#### Problem details:
Pictures are to be omitted, and every entry below is to be restated exactly.

(Dataset records)
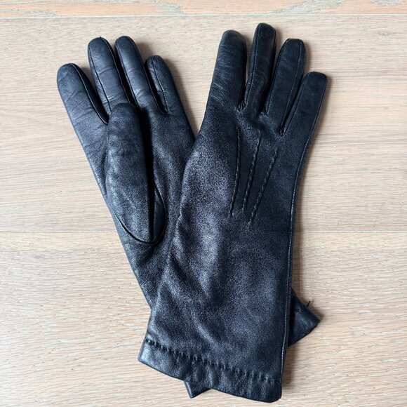 COACH Black 100% Leather Gloves Cashmere Lined Size 7 Gorgeous Vintage
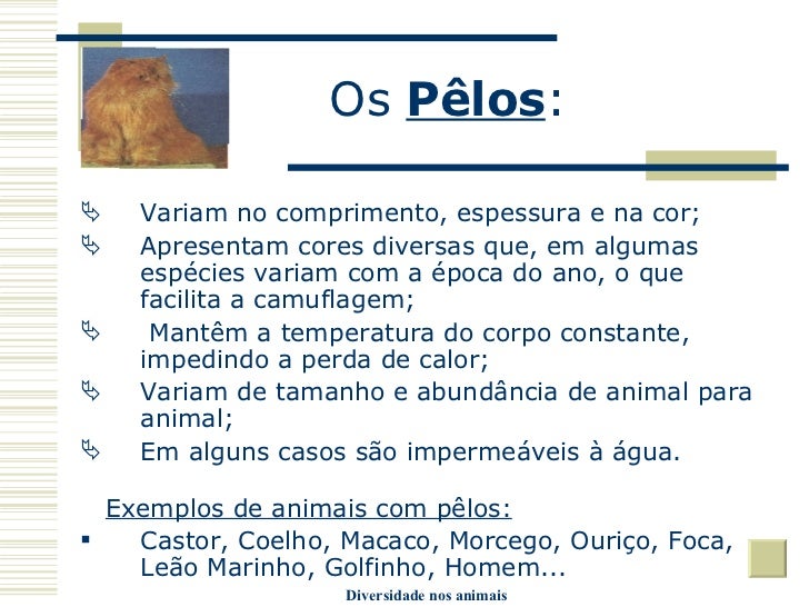 14. 14. Os Pêlos : <ul><li>Variam no comprimento, espessura e na cor; </li></ul><ul><li>Apresentam cores diversas que, em algumas espécies variam com a época do ano, o que facilita a camuflagem; </li></ul><ul><li>Mantêm a temperatura do corpo constante, impedindo a perda de calor; </li></ul><ul><li>Variam de tamanho e abundância de animal para animal; </li></ul><ul><li>Em alguns casos são impermeáveis à água. </li></ul><ul><li>Exemplos de animais com pêlos: </li></ul><ul><li>Castor, Coelho, Macaco, Morcego, Ouriço, Foca, Leão Marinho, Golfinho, Homem... </li></ul>
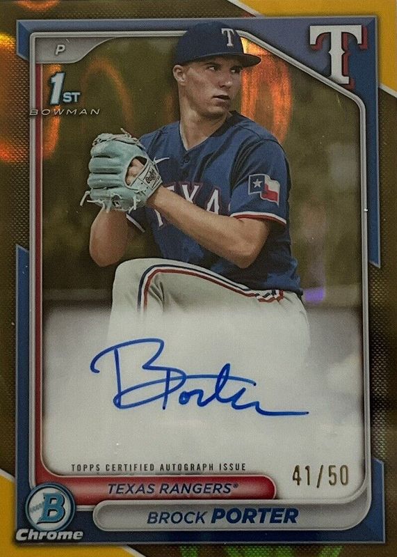 The Brock Porter 2024 Bowman #CPA-BP Chrome Prospect Auto - Gold Lava Refractor /50 (1st) card in Raw condition has not changed in price in the last 30 days and was last sold for $49.99 .
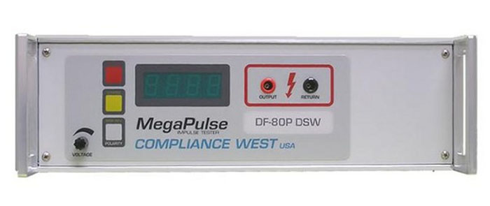 The MegaPulse DF-80 DSW Surge Tester is designed to conduct the test shown in AAMI DF80, App. DD, Table US.DD.1 and Figure US.DD.1 - Damped sinusoidal waveform parameters. The resulting waveform is in accordance with those requirements. The DF-80P DSW is built with 50 ohms output impedance. If another impedance is desired, please contact us. The DF-80P DSW is designed as a laboratory instrument with a duty cycle 1 pulse every 5 minutes continuous within tolerances. Other duty cycles are optionally available: Option 60. Allows one test every 60 sec continuously. Option 12. Allows one test every 12 sec continuously. The power output of the DF-80P DSW is 360J. A front panel switch reverses the output polarity. Joules consumed can be read directly from the front panel after every pulse. Positive and negative pulses can be delivered manually using the front panel buttons, or the pulses can be set to operate under computer control using the TestMinder Megapulse PF option. MegaPulse DF-80P DSW ships with cables, graphs of theoretical and actual waveforms, and a Calibration Certificate. One-year warranty.
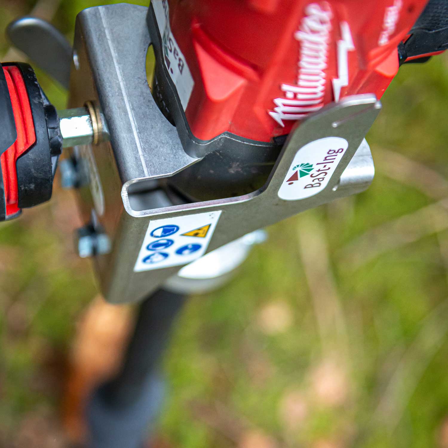 Der DrillFast von BaSt-Ing ist der erste Erdbohrer, der mit einem leistungsstarken Schlagschrauber angetrieben wird. Mit ihm lassen sich Containerpflanzen als auch wurzelnackte Pflanzen fachgerecht und wirtschaftlich setzen. Auch im Zaunbau findet der DrillFast Anwendung. Fixiert wird der DrillFast über den bereits bekannten ValLink. Im Gegensatz zu jedem anderen Erdbohrgerät mit einem festen Getriebe, bekommt man bei der Benutzung des DrillFast keine Drehmoment-Stöße ab. Der DrillFast dreht im Leerlauf 2000 Umdrehungen. Wenn ein Widerstand kommt, dann setzt das Schlagwerk ein, der die Widerstände zur Seite klopft. Man hat keinen großen Ermüdungseffekt und kann innerhalb einer Stunde bis zu 100 Pflanzen setzen. Je nach Bodengegebenheiten braucht man dabei eine hohe Akku-Kapazität (10 Ah pro 100 Pflanzen). Regelmäßiges Nachladen ist bei einer längeren Benutzung also notwendig.

#### Answer space:
 COACH Black 100% Leather Gloves Cashmere Lined Size 7 Gorgeous Vintage
 14. 14. Os Pêlos : <ul><li>Variam no comprimento, espessura e na cor; </li></ul><ul><li>Apresentam cores diversas que, em algumas espécies variam com a época do ano, o que facilita a camuflagem; </li></ul><ul><li>Mantêm a temperatura do corpo constante, impedindo a perda de calor; </li></ul><ul><li>Variam de tamanho e abundância de animal para animal; </li></ul><ul><li>Em alguns casos são impermeáveis à água. </li></ul><ul><li>Exemplos de animais com pêlos: </li></ul><ul><li>Castor, Coelho, Macaco, Morcego, Ouriço, Foca, Leão Marinho, Golfinho, Homem... </li></ul>
 The Brock Porter 2024 Bowman #CPA-BP Chrome Prospect Auto - Gold Lava Refractor /50 (1st) card in Raw condition has not changed in price in the last 30 days and was last sold for $49.99 .
 The MegaPulse DF-80 DSW Surge Tester is designed to conduct the test shown in AAMI DF80, App. DD, Table US.DD.1 and Figure US.DD.1 - Damped sinusoidal waveform parameters. The resulting waveform is in accordance with those requirements. The DF-80P DSW is built with 50 ohms output impedance. If another impedance is desired, please contact us. The DF-80P DSW is designed as a laboratory instrument with a duty cycle 1 pulse every 5 minutes continuous within tolerances. Other duty cycles are optionally available: Option 60. Allows one test every 60 sec continuously. Option 12. Allows one test every 12 sec continuously. The power output of the DF-80P DSW is 360J. A front panel switch reverses the output polarity. Joules consumed can be read directly from the front panel after every pulse. Positive and negative pulses can be delivered manually using the front panel buttons, or the pulses can be set to operate under computer control using the TestMinder Megapulse PF option. MegaPulse DF-80P DSW ships with cables, graphs of theoretical and actual waveforms, and a Calibration Certificate. One-year warranty.
 Der DrillFast von BaSt-Ing ist der erste Erdbohrer, der mit einem leistungsstarken Schlagschrauber angetrieben wird. Mit ihm lassen sich Containerpflanzen als auch wurzelnackte Pflanzen fachgerecht und wirtschaftlich setzen. Auch im Zaunbau findet der DrillFast Anwendung. Fixiert wird der DrillFast über den bereits bekannten ValLink. Im Gegensatz zu jedem anderen Erdbohrgerät mit einem festen Getriebe, bekommt man bei der Benutzung des DrillFast keine Drehmoment-Stöße ab. Der DrillFast dreht im Leerlauf 2000 Umdrehungen. Wenn ein Widerstand kommt, dann setzt das Schlagwerk ein, der die Widerstände zur Seite klopft. Man hat keinen großen Ermüdungseffekt und kann innerhalb einer Stunde bis zu 100 Pflanzen setzen. Je nach Bodengegebenheiten braucht man dabei eine hohe Akku-Kapazität (10 Ah pro 100 Pflanzen). Regelmäßiges Nachladen ist bei einer längeren Benutzung also notwendig.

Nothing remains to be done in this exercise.